ScoutR: Agentic Football Transfer Intelligence Platform

Agentic AI transfer intelligence platform for club tactical and financial constraints

Quick Navigation: OverviewSystem ArchitectureKey FeaturesTechnical Stack


overview

Designed and shipped ScoutR, an agentic AI transfer intelligence platform that monitors player data across leagues and surfaces candidates aligned to club tactical and financial constraints.

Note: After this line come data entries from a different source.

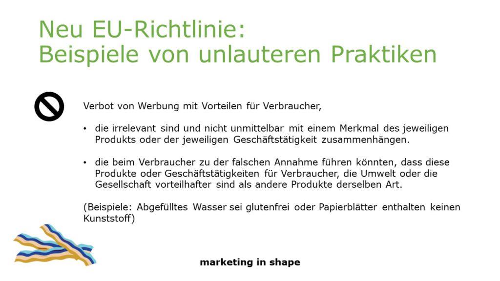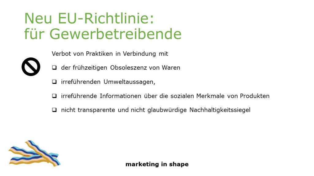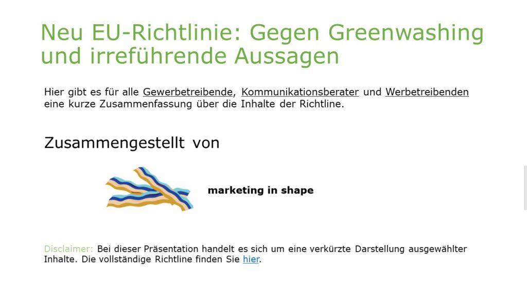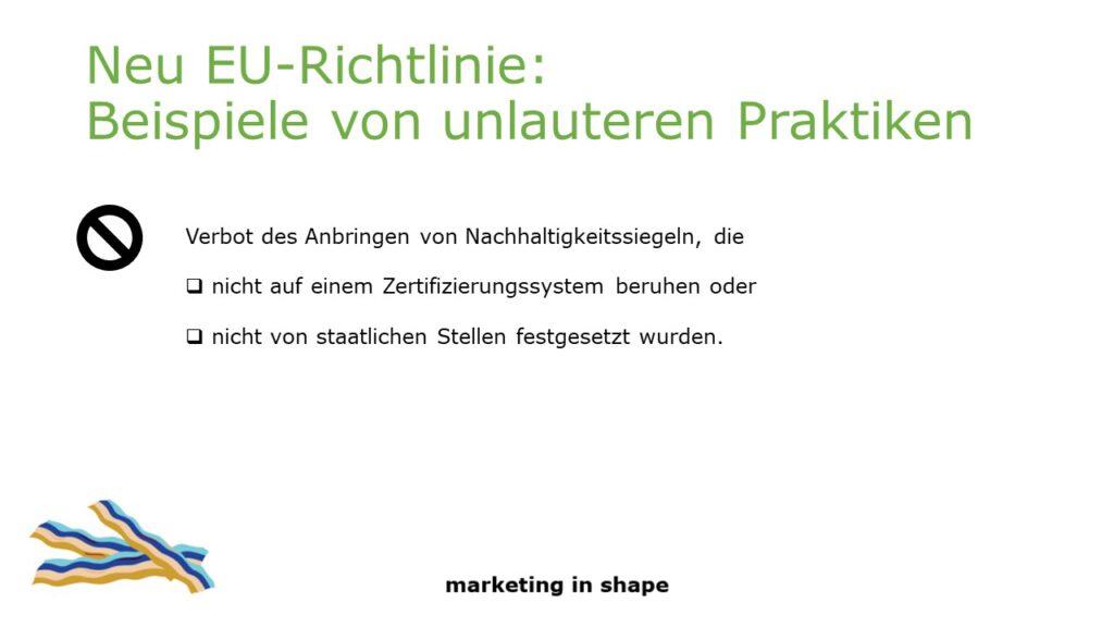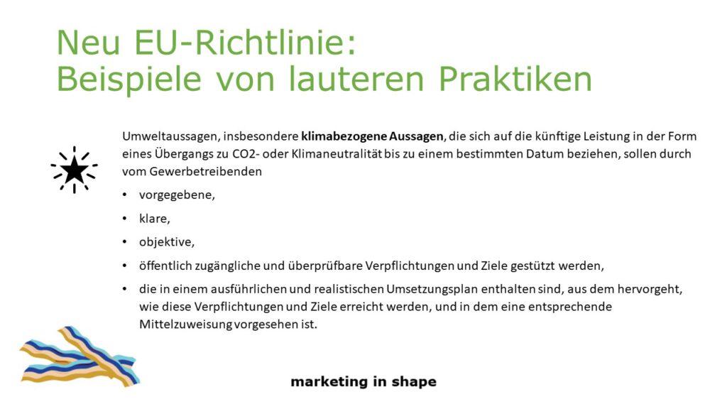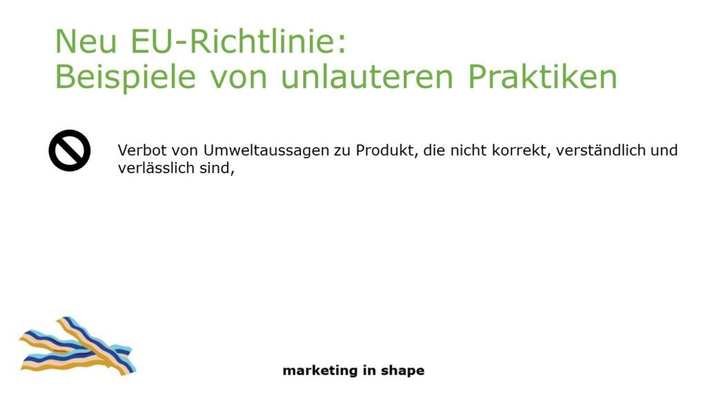 Grundsätzlich sollen mit der EU-Richtlinie gegen Greenwashing Praktiken verhindert werden, die in Verbindung mit der frühzeitigen Obsoleszenz von Waren, irreführenden Umweltaussagen zu Produkten, Informationen über die sozialen Merkmale von Produkten sowie nicht transparente und nicht glaubwürdige Nachhaltigkeitssiegeln gebracht werden.
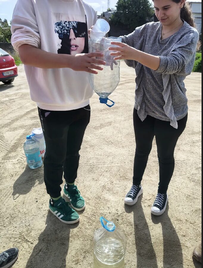 Posteriormente, el alumnado realizó una sencilla metodología científica para analizar muestras de aguas recogidas en San Vicente y Villar del Rey. Concretamente, las muestras fueron recogidas por las profesoras del departamento de ciencias naturales, Aroa y Nuria, en la fuente de la Vega del Madroñal y de los Caños de San Vicente de Alcántara, y en la depuradora de Villar del Rey.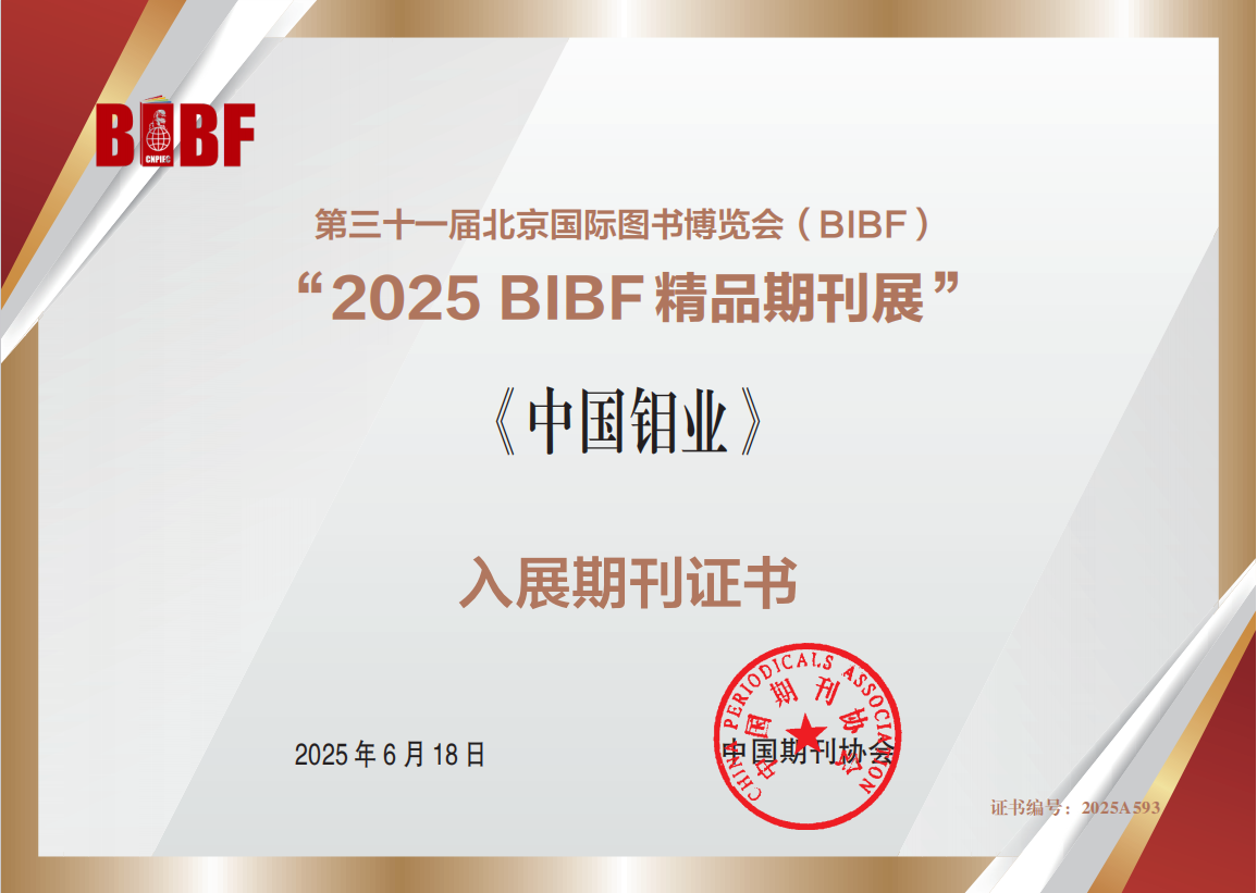 2025年6月18日至6月22日,第三十一届北京国际图书博览会(BIBF)在北京国家会议中心举办。在中国期刊协会举办的“2025 BIBF精品期刊展”中,《中国钼业》学术期刊成功入选,并在第三十一届北京国际图书博览会上展出。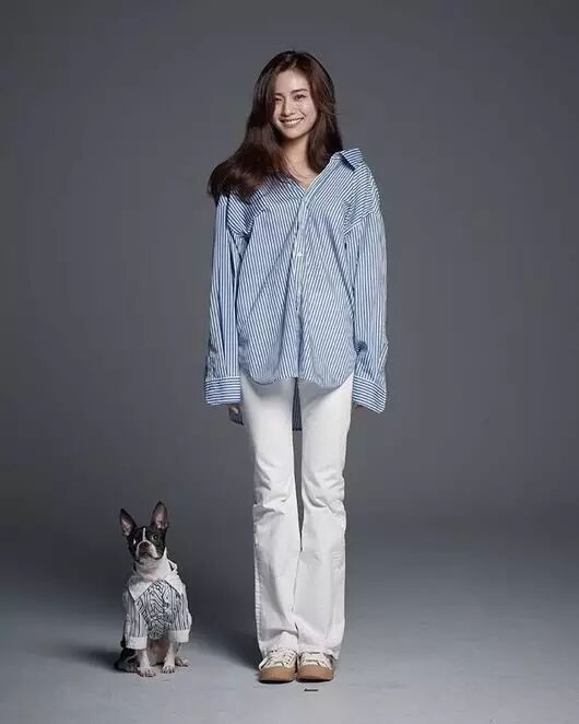 공개된 사진 속에는 자신의 반려견 고무와 스트라이프 셔츠를 맞춰 입은 나나가 포즈를 취하고 있는 모습 등이 담겨 있다. 사진 속에서 반려견에 대한 애정이 물씬 느껴진다.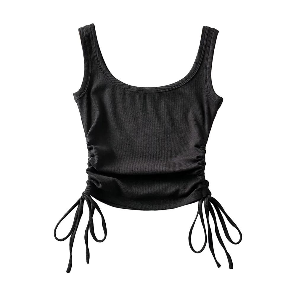 Новое поступление, повседневный однотонный жилет с двумя боковыми шнурками для девочек, сексуальные майки и майки с гофрировкой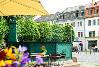 Heute haben Gastwirte rund um den Brunnen Stühle und Sonnenschirme aufgestellt. Pflastermüde Gäste finden Platz zum Ausruhen, unternehmungslustige den idealen Startpunkt für einen Spaziergang auf Coudrays Spuren. Das Torhaus am Frauenplan, der Westflügel des Schlosses, die Fürstengruft, ein zweiter, ähnlicher Brunnen am Herderplatz - alles sein klassizistisches Werk.
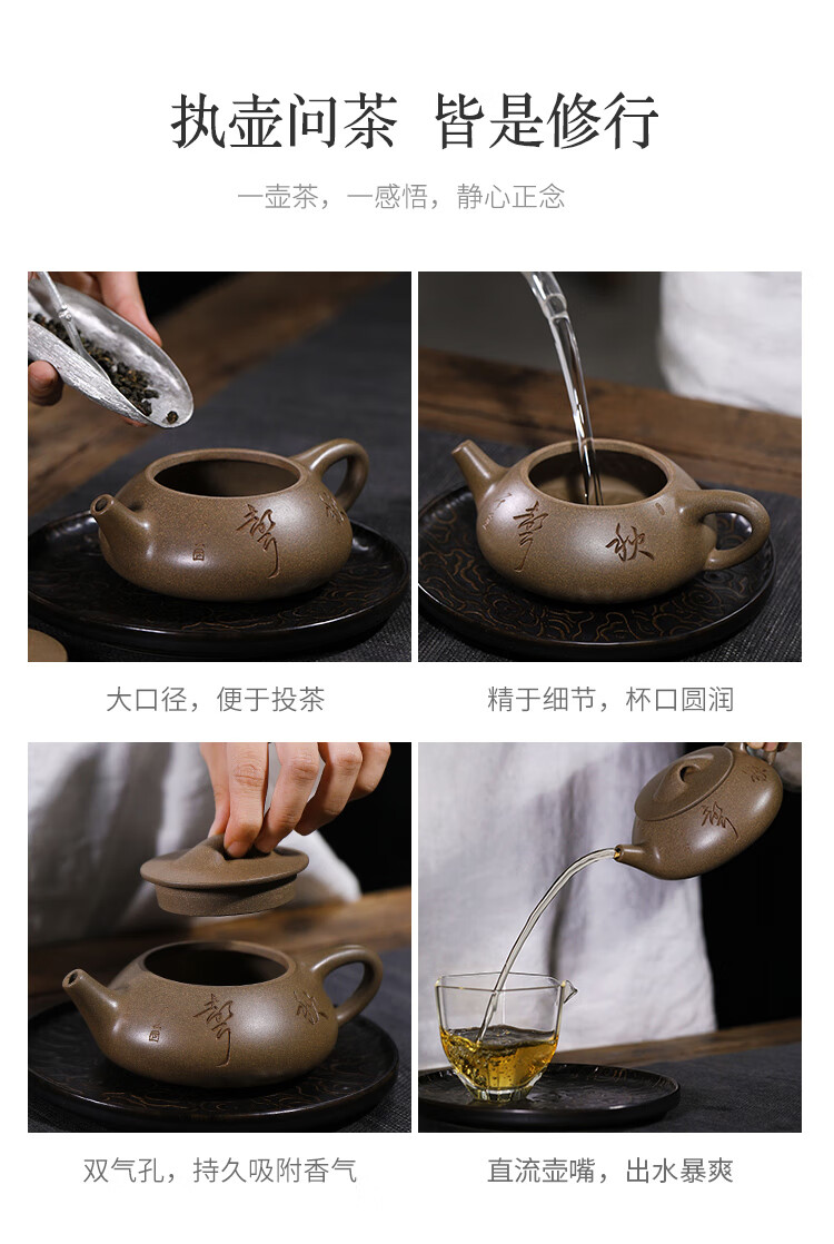京东自营千寿堂 紫砂壶功夫茶具茶壶宜兴手工壶 收藏证书 王镇学石瓢壶200ml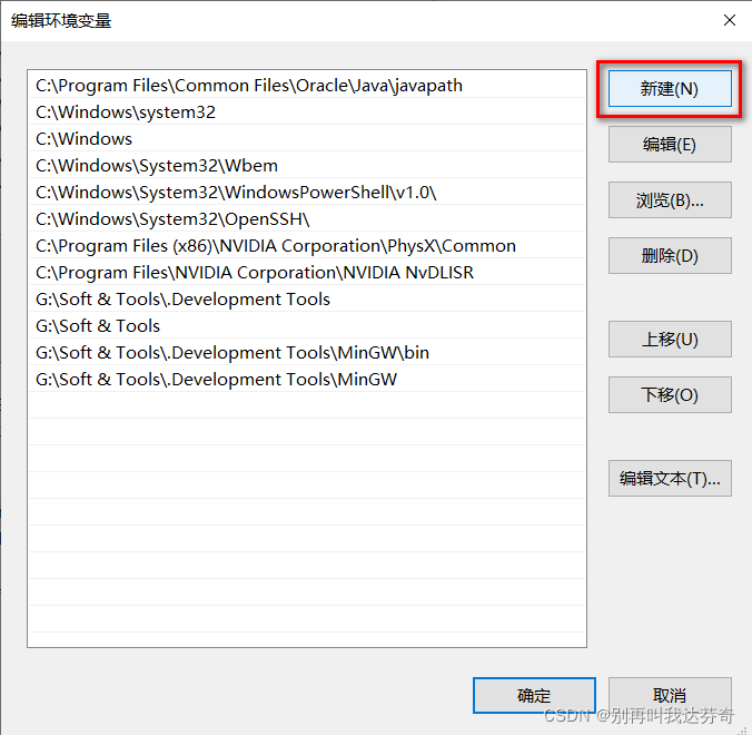 步驟五: 在彈出的編輯環(huán)境變量窗口中點(diǎn)新建

ScoutR transforms how football clubs identify talent by leveraging autonomous agents to reason over complex statistical and financial data, providing grounded recommendations that reduce manual scouting overhead and optimize recruitment.

Status: Completed
Tech Stack: LangGraph, Gemini, Claude, Pydantic, ChromaDB, RAG, SSE, Prompt Engineering

system architecture

Multi-Agent Pipeline

Built a robust LangGraph-based multi-agent orchestration layer where agents collaborate to fulfill complex scouting requests:

  • Parsing Agent: Uses Gemini to parse natural language scouting queries into structured Pydantic schemas, enabling precise tool calling, typed intermediate states, and complex downstream reasoning.
  • Analysis Agent: Produces tactical-fit analysis and valuation summaries based on retrieved data.
  • Fault-Tolerant Inference Layer: Designed a 3-tier multi-model inference layer (Gemini → Claude → fallback) to handle API rate limits and outages while maintaining uninterrupted agent workflows for mission-critical recruitment.

key features

RAG over StatsBomb Event Data

Implemented a Retrieval-Augmented Generation (RAG) pipeline using ChromaDB to index StatsBomb event data. This allows the agents to:

  • Ground all recommendations in granular statistical evidence.
  • Dramatically reduce hallucinated comparisons during player evaluation.
  • Provide direct citations to specific match events or performance metrics.

Real-Time Streaming UX

Engineered a modern, transparent interface using Server-Sent Events (SSE):

  • Streaming Execution: Exposes intermediate reasoning steps in real-time as the agent executes long-horizon tasks.
  • Interactive Interface: Supports complex decision workflows in a single interactive view, revealing the decision process that previously was a “black box”.

impact

ScoutR provides professional-grade analytics to clubs without large dedicated data teams, democratizing access to agentic AI in sports technology. By automating the initial “filtering” and “analysis” phases of recruitment, it allows human scouts to focus on final validation and qualitative assessment.


This project highlights the intersection of Agentic NLP, RAG, and high-stakes decision support systems.